HOW TO COMPLETE THIS TASK: Every entry must reappear in your answer exactly as written, though its pictures must not.

-- PROVIDED INFORMATION follows --

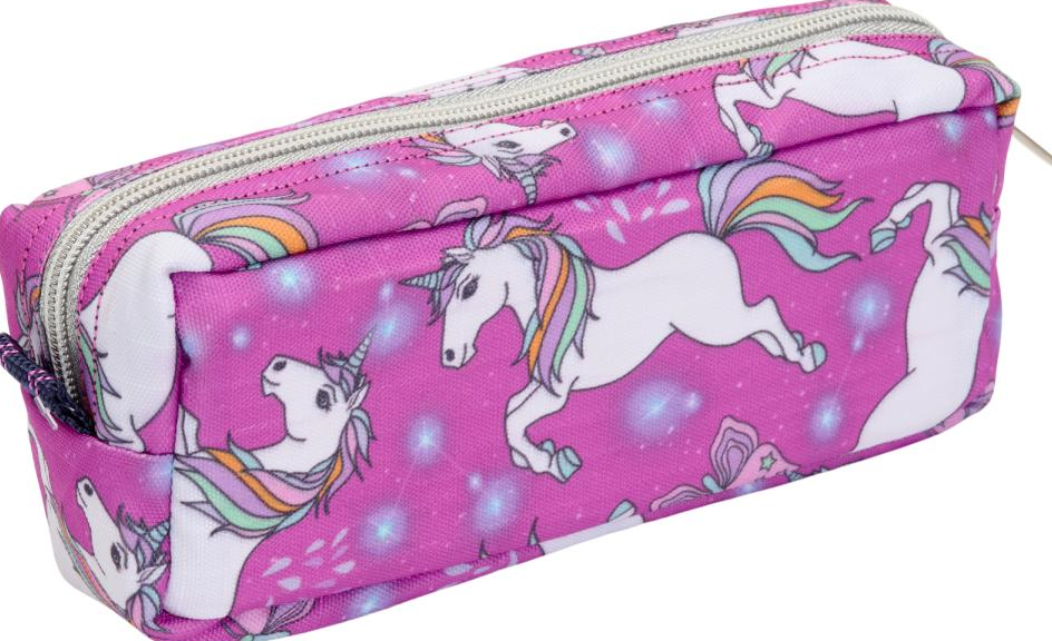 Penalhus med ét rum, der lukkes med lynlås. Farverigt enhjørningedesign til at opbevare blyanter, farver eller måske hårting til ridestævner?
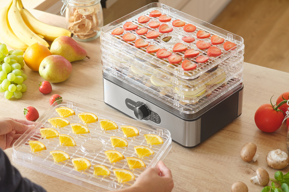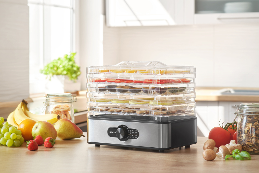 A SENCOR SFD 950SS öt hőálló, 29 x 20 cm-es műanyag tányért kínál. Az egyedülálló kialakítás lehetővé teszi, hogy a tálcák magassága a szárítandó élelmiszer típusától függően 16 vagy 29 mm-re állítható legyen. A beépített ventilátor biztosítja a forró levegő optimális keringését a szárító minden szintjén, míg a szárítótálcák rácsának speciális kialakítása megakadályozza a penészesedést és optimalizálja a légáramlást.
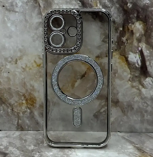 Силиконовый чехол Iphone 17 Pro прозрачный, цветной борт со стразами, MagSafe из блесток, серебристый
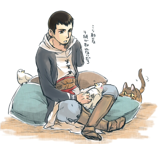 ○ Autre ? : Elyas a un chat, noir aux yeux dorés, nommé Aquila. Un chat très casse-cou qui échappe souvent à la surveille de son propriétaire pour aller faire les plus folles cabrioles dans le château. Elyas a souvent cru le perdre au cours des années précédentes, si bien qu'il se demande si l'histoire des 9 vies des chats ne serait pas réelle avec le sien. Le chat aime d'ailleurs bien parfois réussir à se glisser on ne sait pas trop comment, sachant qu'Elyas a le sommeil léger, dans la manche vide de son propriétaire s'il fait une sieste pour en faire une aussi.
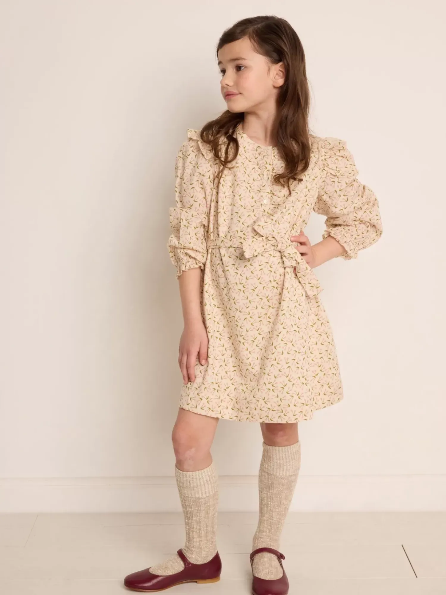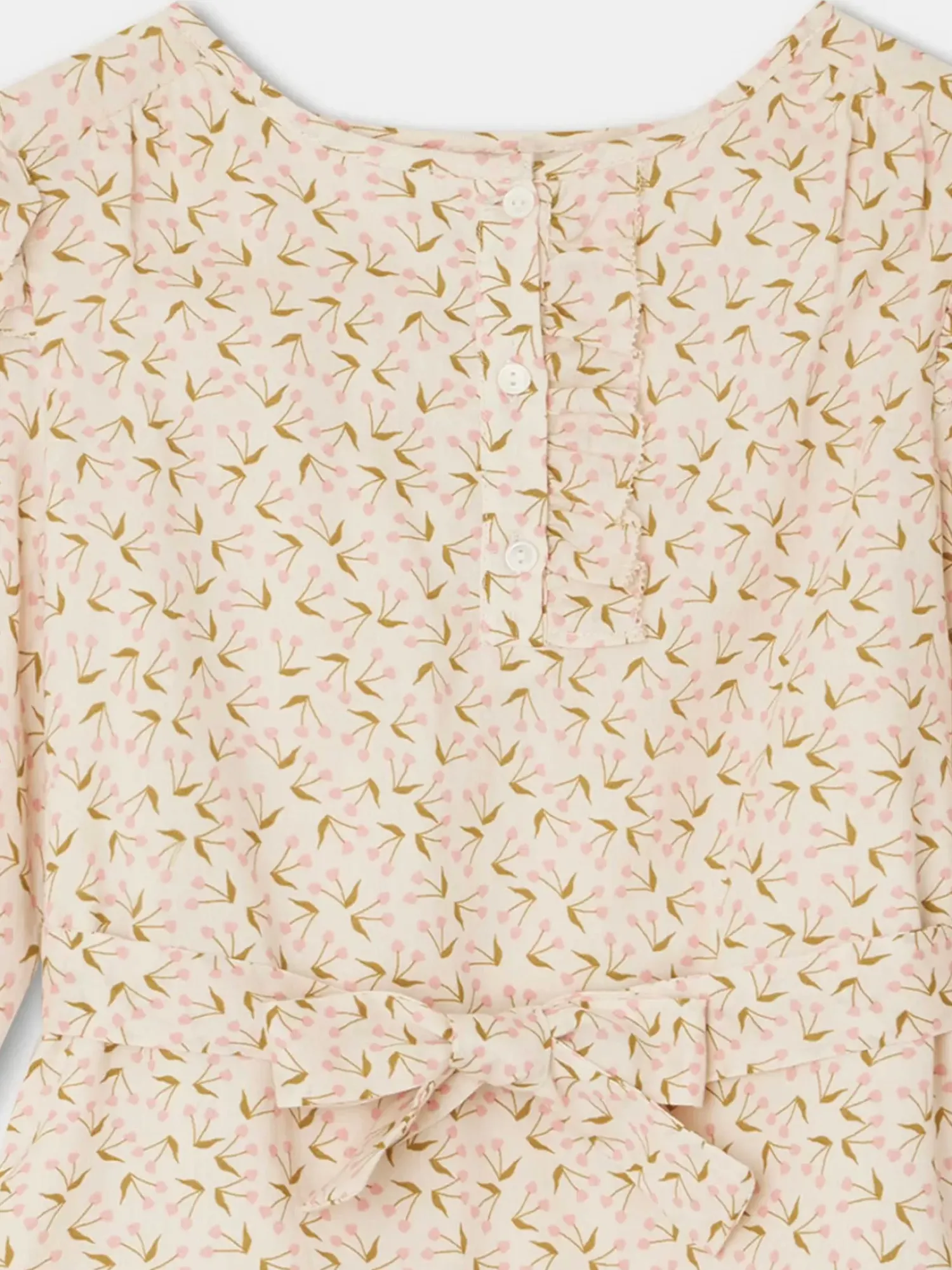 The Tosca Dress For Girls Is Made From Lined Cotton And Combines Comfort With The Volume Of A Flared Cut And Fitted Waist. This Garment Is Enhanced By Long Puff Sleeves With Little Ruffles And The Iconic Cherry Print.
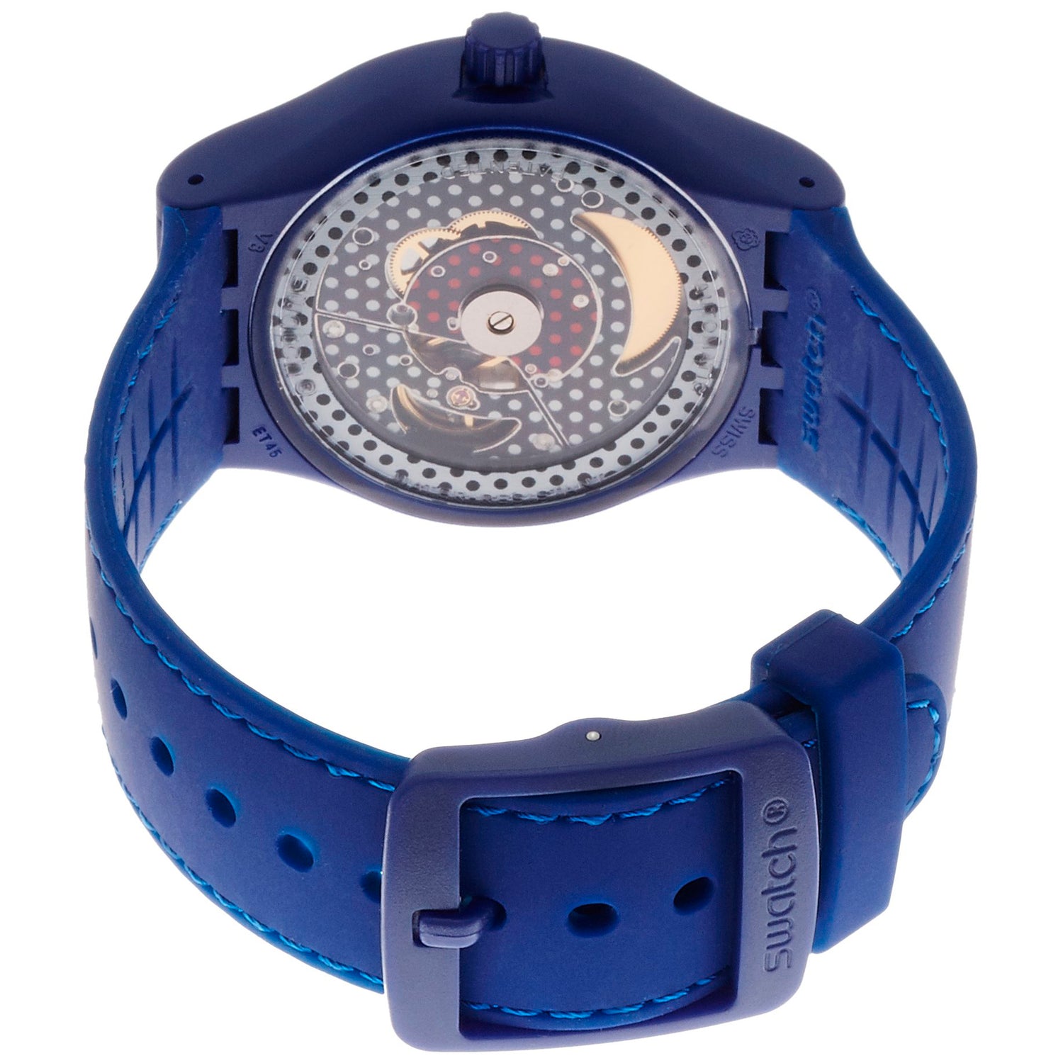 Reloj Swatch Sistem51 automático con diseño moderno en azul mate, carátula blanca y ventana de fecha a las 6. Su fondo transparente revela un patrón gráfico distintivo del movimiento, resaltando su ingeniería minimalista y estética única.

-- PROVIDED INFORMATION concluded --

ANSWER TO THIS TASK:
 Penalhus med ét rum, der lukkes med lynlås. Farverigt enhjørningedesign til at opbevare blyanter, farver eller måske hårting til ridestævner?
 A SENCOR SFD 950SS öt hőálló, 29 x 20 cm-es műanyag tányért kínál. Az egyedülálló kialakítás lehetővé teszi, hogy a tálcák magassága a szárítandó élelmiszer típusától függően 16 vagy 29 mm-re állítható legyen. A beépített ventilátor biztosítja a forró levegő optimális keringését a szárító minden szintjén, míg a szárítótálcák rácsának speciális kialakítása megakadályozza a penészesedést és optimalizálja a légáramlást.
 Силиконовый чехол Iphone 17 Pro прозрачный, цветной борт со стразами, MagSafe из блесток, серебристый
 ○ Autre ? : Elyas a un chat, noir aux yeux dorés, nommé Aquila. Un chat très casse-cou qui échappe souvent à la surveille de son propriétaire pour aller faire les plus folles cabrioles dans le château. Elyas a souvent cru le perdre au cours des années précédentes, si bien qu'il se demande si l'histoire des 9 vies des chats ne serait pas réelle avec le sien. Le chat aime d'ailleurs bien parfois réussir à se glisser on ne sait pas trop comment, sachant qu'Elyas a le sommeil léger, dans la manche vide de son propriétaire s'il fait une sieste pour en faire une aussi.
 The Tosca Dress For Girls Is Made From Lined Cotton And Combines Comfort With The Volume Of A Flared Cut And Fitted Waist. This Garment Is Enhanced By Long Puff Sleeves With Little Ruffles And The Iconic Cherry Print.
 Reloj Swatch Sistem51 automático con diseño moderno en azul mate, carátula blanca y ventana de fecha a las 6. Su fondo transparente revela un patrón gráfico distintivo del movimiento, resaltando su ingeniería minimalista y estética única.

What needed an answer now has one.